POLITICS

SA incapable of driving economic reconstruction – NEHAWU

Union says only option is massive stimulus to the tune of R1trn per annum financed through domestic resources

NEHAWU response to the 2020/21 Medium-Term Budget Policy Statement

28 October 2020

The National Education, Health and Allied Workers’ Union [NEHAWU] notes the tabling of the 2020/21 Medium-Term Budget Policy Statement by the Minister of Finance, Mr Tito Mboweni. The delivery of the budget comes on the heels of the delivery of the economic reconstruction and recovery plan by President Cyril Ramaphosa on the 15th October 2020.

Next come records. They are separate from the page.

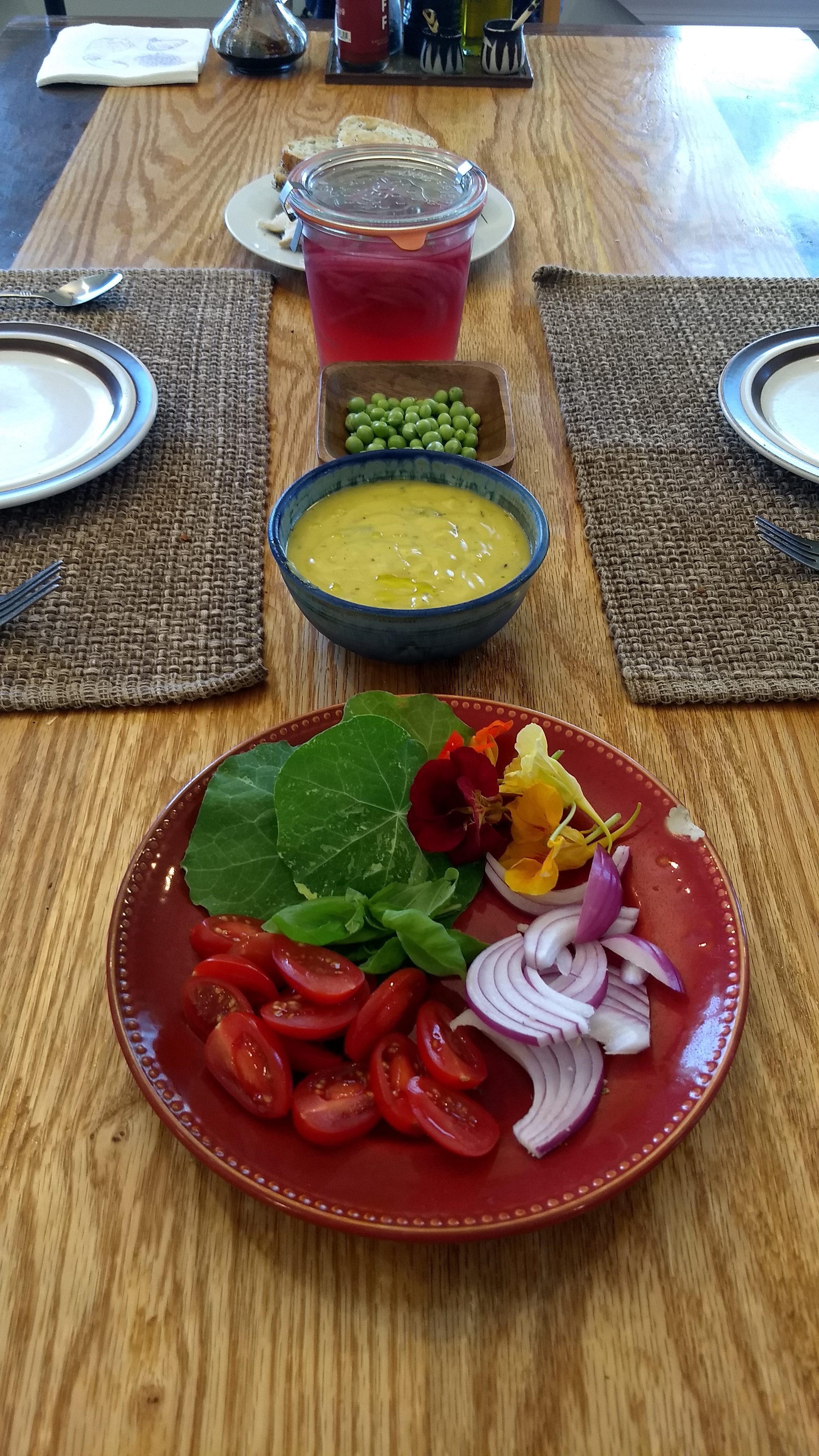 An impromptu lunch with items from the fridge, from the garden and homemade on the spot (Steve’s seasoned mayo). Feel very grateful to have access to such goodies.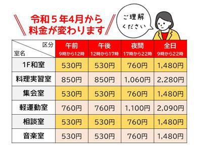 令和5年4月から、1階和室、料理実習室、集会室、軽運動室、相談室、音楽室 の使用料が変わります。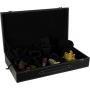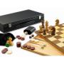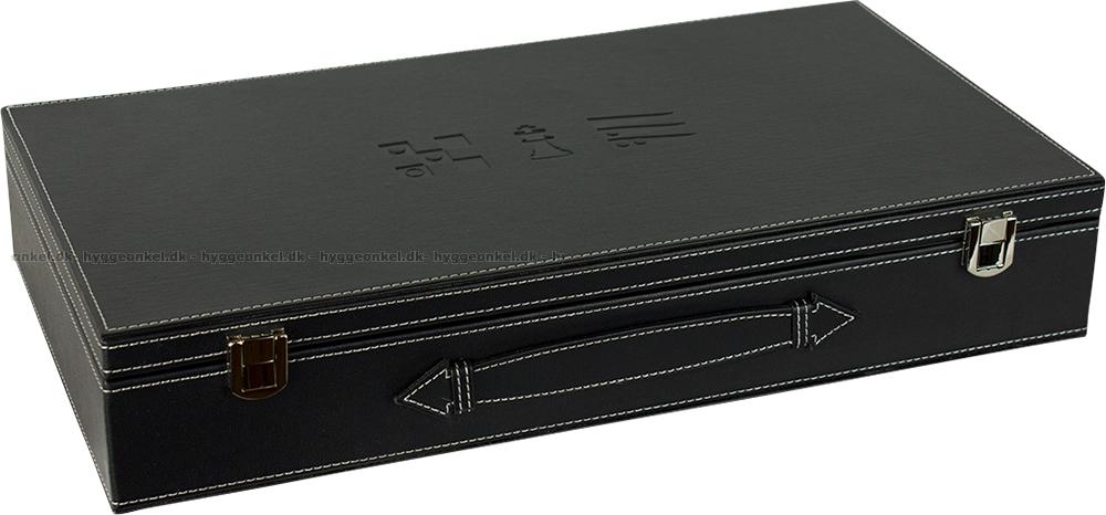 Här är en hopfällbar ask (svart portfölj) full av pjäser till schack, dam och backgammon.

NEHAWU feels vindicated today that South Africa under the stewardship of Minister Mboweni and his coterie of untransformed, intransigent, orthodox, neoliberal economists and bureaucrats in Treasury are incapable of driving a progressive economic reconstruction and recovery plan that can help South Africa to survive the economic, health and social devastation that has been brought about by the COVID-19 pandemic.

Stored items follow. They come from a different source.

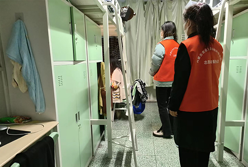 公司研究生员工会志愿者率先发挥先锋模范作用,细化并落实各项疫情防控工作。志愿者们在核酸检测现场进行秩序维护,使核酸检测工作有条不紊地进行;在校园公共区域对不规范行为及时劝阻,保障校园的秩序安全。同时开展寝室走访工作,检查安全隐患并提醒同学们勤开窗通风,注意卫生,最大化降低病毒传播风险。每位研究生员工会志愿者身体力行,用行动诠释了新时代青年的责任与担当,全院师生勠力同心,众志成城,全力筑牢疫情防控安全防线。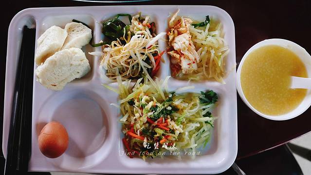 当天早餐就是在酒店吃的,可以说是毫无特色,馒头、炒土豆丝、咸菜,粥,哦,对了,这边有一款咸菜属于特色,吃起来有点臭臭的味道,emmmm,实在是太特色了,体验体验未尝不可,但不可常吃。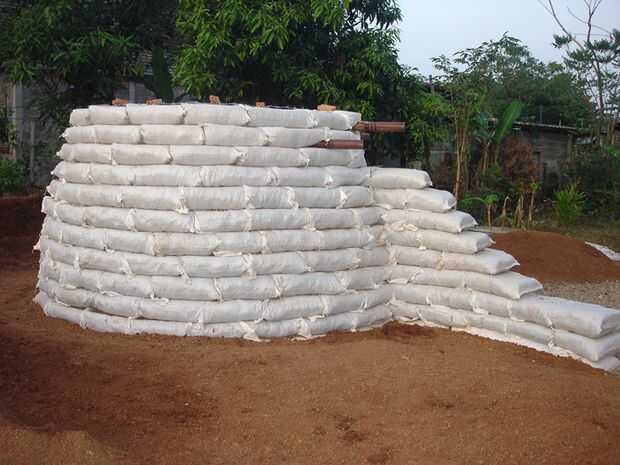 Continuar construyendo el contrafuerte al mismo tiempo como la cúpula. Las bolsas y el alambre de púas del dispositivo de seguridad en cada curso. Hemos añadido unos ½" piezas de varilla para mayor resistencia, donde parecía haría la mas buena: a través de la parte superior de las bolsas para ayudar a prevenir vuelcos, y donde los contrafuertes conectan a la cúpula. Los contrafuertes son pisados para que coincida con la pendiente de la tierra. Los pasos facilitan el subir a la cúpula. La parte inferior hace un buen Banco.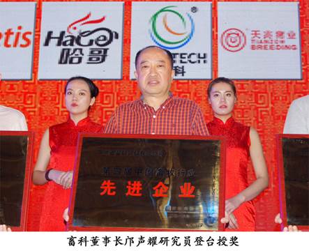 經(jīng)農(nóng)業(yè)部批準(zhǔn),中國畜牧業(yè)協(xié)會于2016年5月18日至20日在沈陽召開2016中國畜牧業(yè)博覽會暨中國國際畜牧業(yè)展覽會之際,隆重舉行了盛大的中國畜牧行業(yè)表彰頒獎大會,畜科榮獲“中國畜牧行業(yè)先進企業(yè)”,全國人大副委員長、原農(nóng)業(yè)部副部長、中國畜牧業(yè)協(xié)會張寶文會長,農(nóng)業(yè)部總畜牧師王智才,全國畜牧總站李希榮站長,全國畜牧總站黨委書記何新天等國家部省領(lǐng)導(dǎo)人為獲獎企業(yè)授證頒獎,畜科董事長鄺聲耀研究員登臺授獎獲證。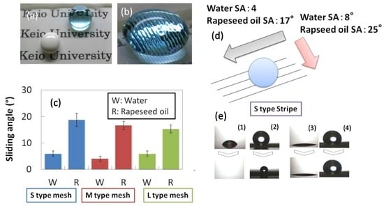 (a) Methylene blue-stained water and white ink stained rapeseed oil on a stripe substrate and (b) enlarged stripe structure in the presence of water; (c) Sliding angle measurements; (d) The droplet of water or rapeseed oil was placed on the mesh/stripe substrate. The substrate was then tilted slowly and the angle was measured when the liquid moved. (e) Thermal stability of mesh and stripe substrates, examined at 80 °C for 10 min. (1)Water (10 μL) on glass, the CA was 44°; (2) Water (10 μL) on L-type mesh, CA was changed from 151.6° to 146.0°; (3) Rapeseed oil (10 μL) on glass, CA was changed from <5.0° to <5.0°; (4) Rapeseed oil (10 μL) on L-type mesh, CA was changed from 141.9° to 141.0° [47].

This underscores our belief that anything short of massive stimulus to the tune of R1 trillion per annum financed through domestic resources sourced mainly from the Central Bank and Development Finance Institutions and Pension funds will militate against government central policy goals of positioning the economy for faster, broad-based economic growth, through a state-led infrastructure recovery, whose aim is to deliver the National Health Insurance [NHI], comprehensive social security and broad based industrialization.  

The intended cuts of R60 billion in 2021/22, R90 billion in 2022/23 and R150 billion in 2023/24 mostly from the public sector wage bill is continuation of the onslaught by government and Treasury on our members and workers. We remain steadfast and we will do everything possible to force government to honour the last leg of the 2018 wage agreement including the permanent employment of Community Healthcare Workers, the payment of a risk allowance or motivational incentives for frontline workers and the filling of all funded vacant posts. We are perturbed and disappointed by the fact that after the President pronounced the absorption of healthcare workers as a response to the burden on our healthcare system, however, up to so far there is still no clear allocation from the budget to finance that absorption.  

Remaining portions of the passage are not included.